Task objective | A verbatim repetition of the data below is requested, without images.

START Supplied material

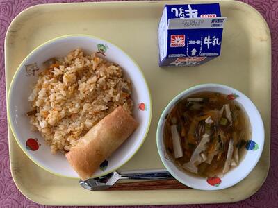(献立): キムたくごはん、牛乳、ポテト春巻、春雨スープ
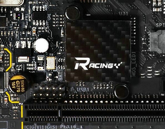 主板的顏值依舊高大上,碳纖維散熱模組十分給力,印有RACING LOGO這塊碳纖維散熱片顏值更得到了提升,內建了一組RGB LED,主板點亮之后更加酷炫。
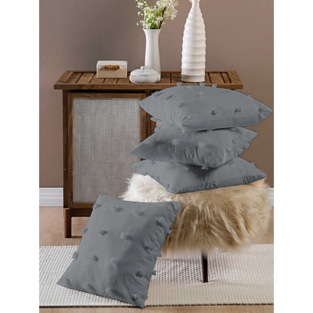 Kit 4 Capas de Almofadas 300 Fios Detalhes em 3D Pompom 45cm x 45cm e 60cm x 30cm Com Zíper - Poppy
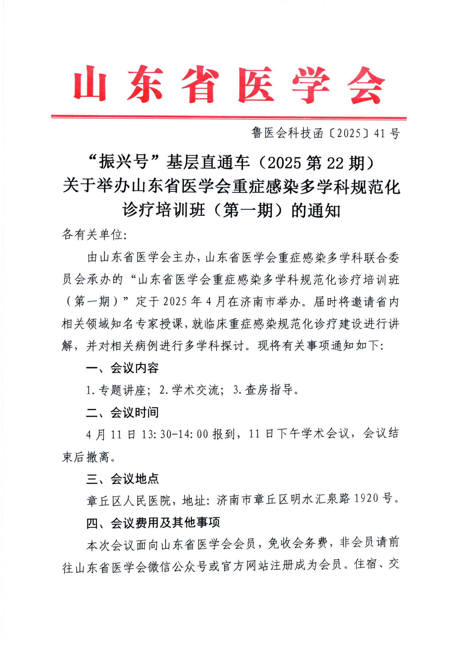 “振兴号”基层直通车(2025第22期)关于举办山东省医学会重症感染多学科规范化诊疗培训班(第一期)的通知
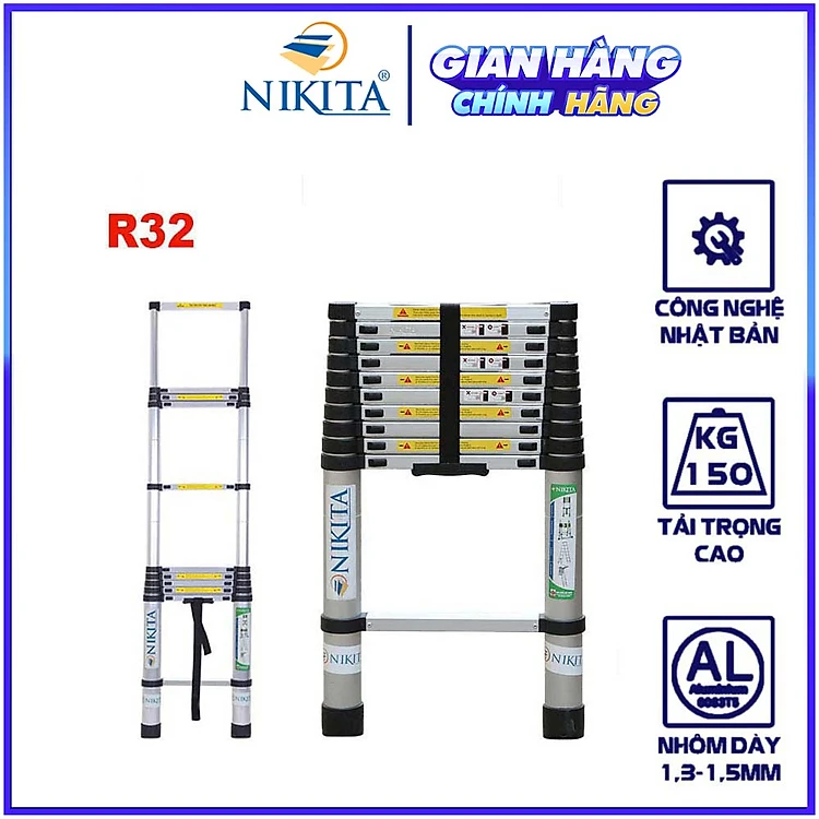 Thang nhôm rút gọn, an toàn, tiện dụng, đa năng - Nhôm 6063 không rỉ - Chính hãng NIKITA
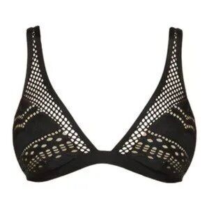 This Plunge Triangle Top in black lace is crafted from a stretch ribbed fabrication with eyelet lace and a contrast mesh trim. Tapered wide straps and soft moulded cups add comfort and support. Pair yours with the matching black lace pant.

END Supplied material

Answer for the task |
(献立): キムたくごはん、牛乳、ポテト春巻、春雨スープ
 主板的顏值依舊高大上,碳纖維散熱模組十分給力,印有RACING LOGO這塊碳纖維散熱片顏值更得到了提升,內建了一組RGB LED,主板點亮之后更加酷炫。
 Kit 4 Capas de Almofadas 300 Fios Detalhes em 3D Pompom 45cm x 45cm e 60cm x 30cm Com Zíper - Poppy
 “振兴号”基层直通车(2025第22期)关于举办山东省医学会重症感染多学科规范化诊疗培训班(第一期)的通知
 Thang nhôm rút gọn, an toàn, tiện dụng, đa năng - Nhôm 6063 không rỉ - Chính hãng NIKITA
 This Plunge Triangle Top in black lace is crafted from a stretch ribbed fabrication with eyelet lace and a contrast mesh trim. Tapered wide straps and soft moulded cups add comfort and support. Pair yours with the matching black lace pant.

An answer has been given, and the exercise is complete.